The trick is, of course, that after checking your weight and your blood pressure (what do you want me to do? I’ll need an arm) and your name and address, mother’s maiden name, medical number, GP details, birthdate and secret password (mine is arse, apparently there’s a move on to popularise these once discredited words) I get to sit in waiting room number  two.  Empty apart from me and my book.  Medical students come and go.  A trolley of files rolls by.  The leaflets on the notice board advertising the rheumatic hip self-help group  and what to do when you fall over flutter in its breeze.

I’m reading the late Robert Palmer’s Deep Blues, an excellent history of blues music.  Palmer was a music journalist and fanatical record collector with a personal library of blues albums that ran to thousands.  He’s explaining how it was that jazz improvisation came from negro string bands and early jump-up  groups having to extend the length of their numbers.  They had to do this to satisfy the demand of dancers who didn’t ever want to sit down.  Middle of this my name again gets called.  This time I hear.

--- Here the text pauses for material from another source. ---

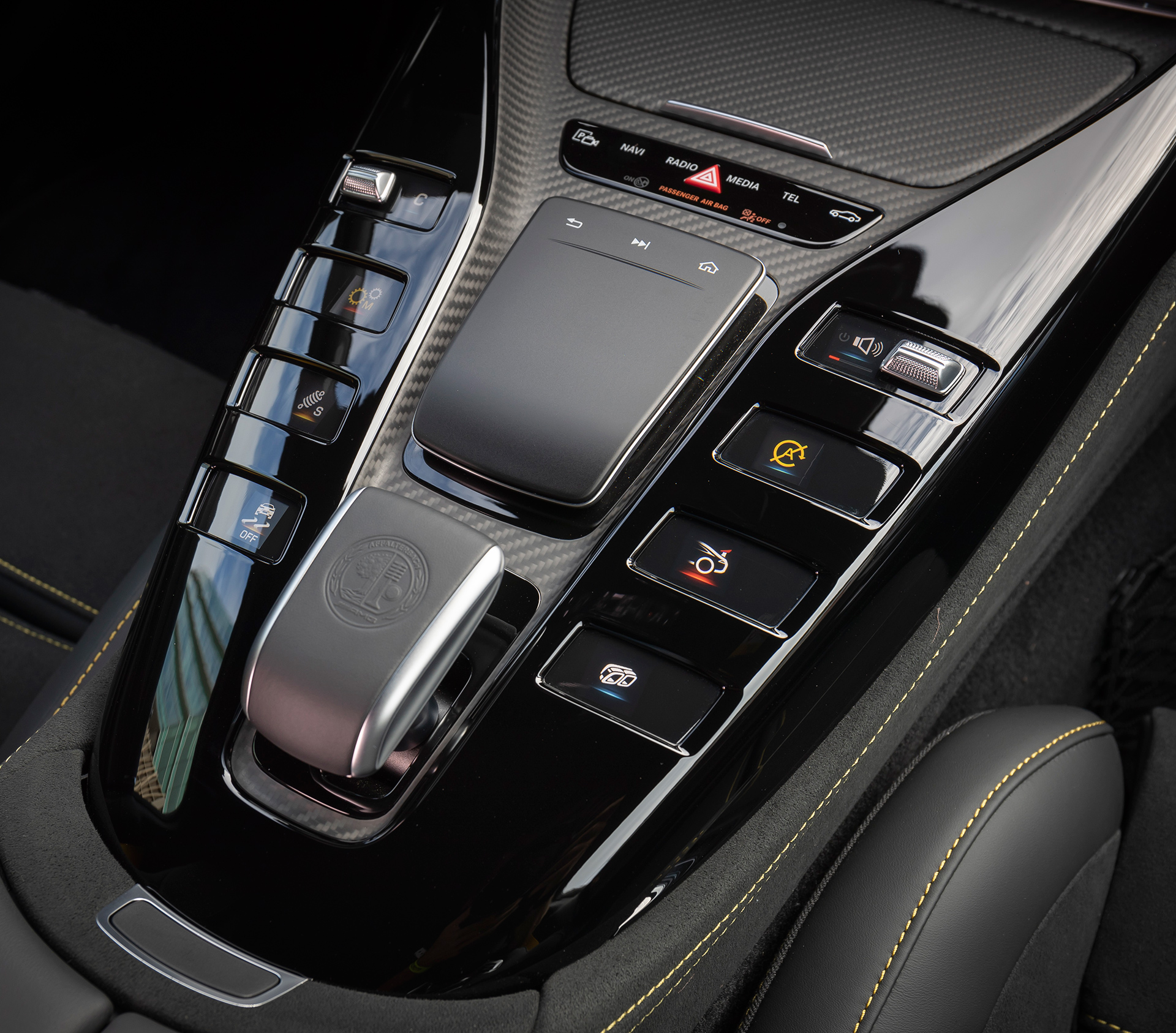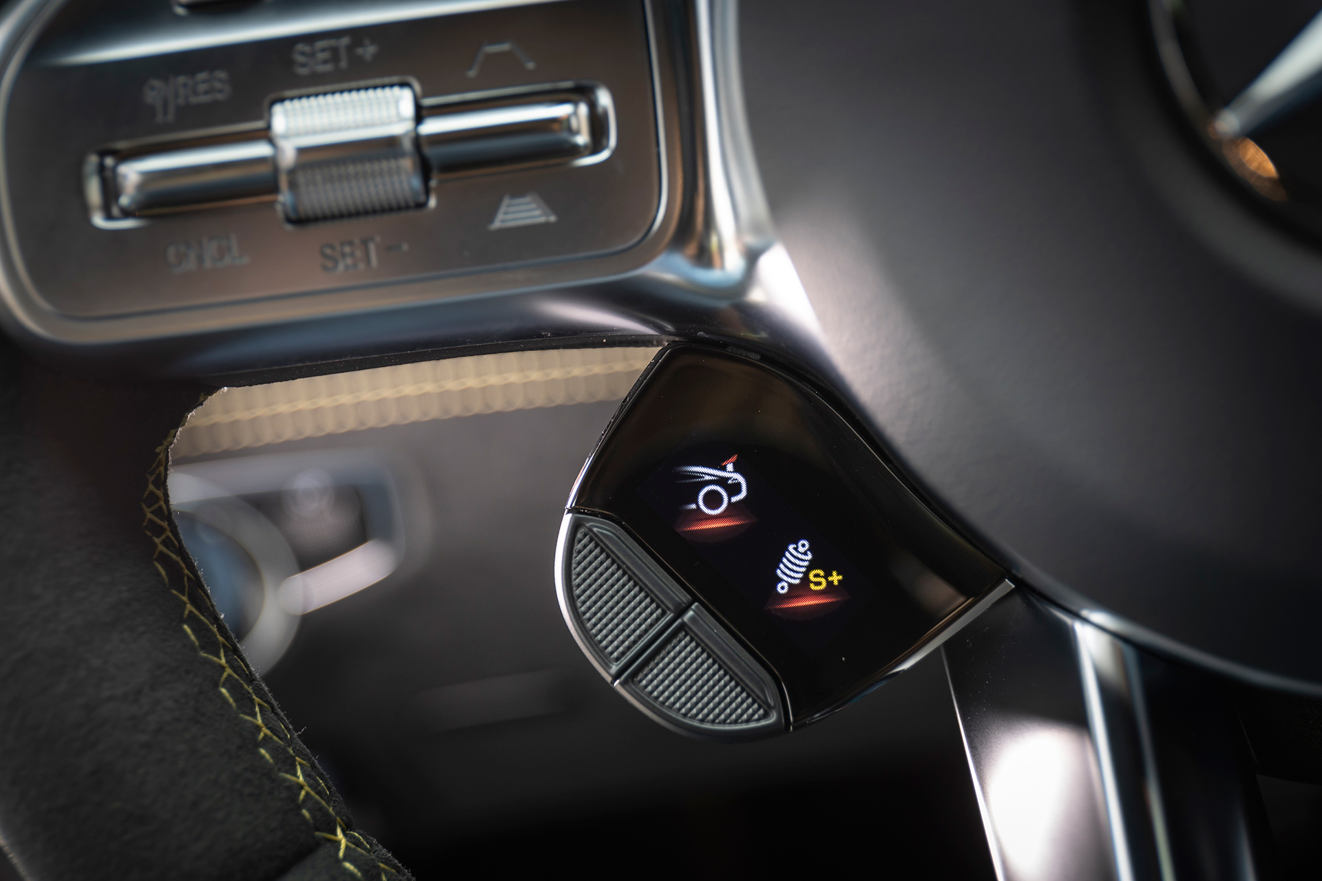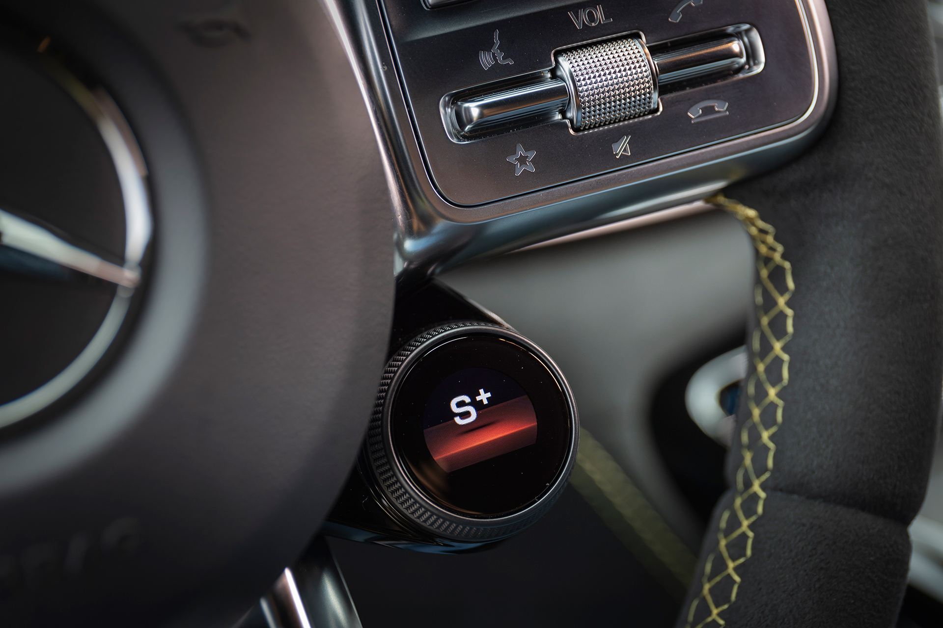 Luckily, the redundant performance controls on the steering wheel both look better and are far more convenient to use, with tabs for the ESP and performance exhaust settings on the left, and a Porsche Sport Chrono-like click wheel with a tiny enclosed screen on the right to flip between the drive modes. Between that and the many other steering wheel controls, you might almost never need to reach for the switches on that bulky console at all. (Good thing, too, because it’s a bit of an awkward reach.)

I pad my way to today’s target - the consultants room.

It’s all centred on this.  Me sitting there before the doctor, a pair of silent students arrayed left, my file in all its fat and paper-stuffed glory in the centre of the desk.  The pred levels we’ll leave as they are, 3 / 4  mgs on alternative days, the consultant tells me.  Get that down to 3 mgs each day by the end of the month.  The synovial cyst is the real issue.  Your MRI scans show that it might not be growing but  it’s certainly there.  They are so unpredictable these things.  It will take just a small shift  for the pain to start for you again.  She frowns sympathetically.  You are not in pain now?  I was last week but today, no.

There are drugs we could put you on, gabapentin for example, but it does have side effects.  I get read a list.  There’s everything I've heard before on the prednisolone danger directory and then more.  Fat face, night frights, pain everywhere, bleeding stomach, head spins, fear of the outdoors, suicidal tendencies, hiccups.  Get all those and you’d never leave your bed.  Not everyone will suffer from these side effects, she tells me, reassuringly.  Up to you.  For now I’ll pass.

We’ll see what we can do with your visit to the neurologist, she continues.  You’ve already been on the waiting list for 3 months, can’t be long now.  I’ll give him a call.

Then I’m back on the street.  Nothing actually prescribed and nothing new to do.  There are a few specialist consultations out there somewhere in the future, maybe a spinal injection if that department gets its act together and another visit to Rheumatology in six months’ time.

What would Charley Patton or Robert Johnson have done?  Sung about it a bit accompanied by their slide guitars, Pain Down My Leg Blues,  Hollerin’ ‘Bout Gabapentin, Shake That Synovial Thing  Mama, and then retreated to the bar.  Alcohol, the great cure all. If in doubt put half a bottle of Wild Turkey down your neck. 

Patton died at 48, Johnson at 27.  Doesn’t really give you hope.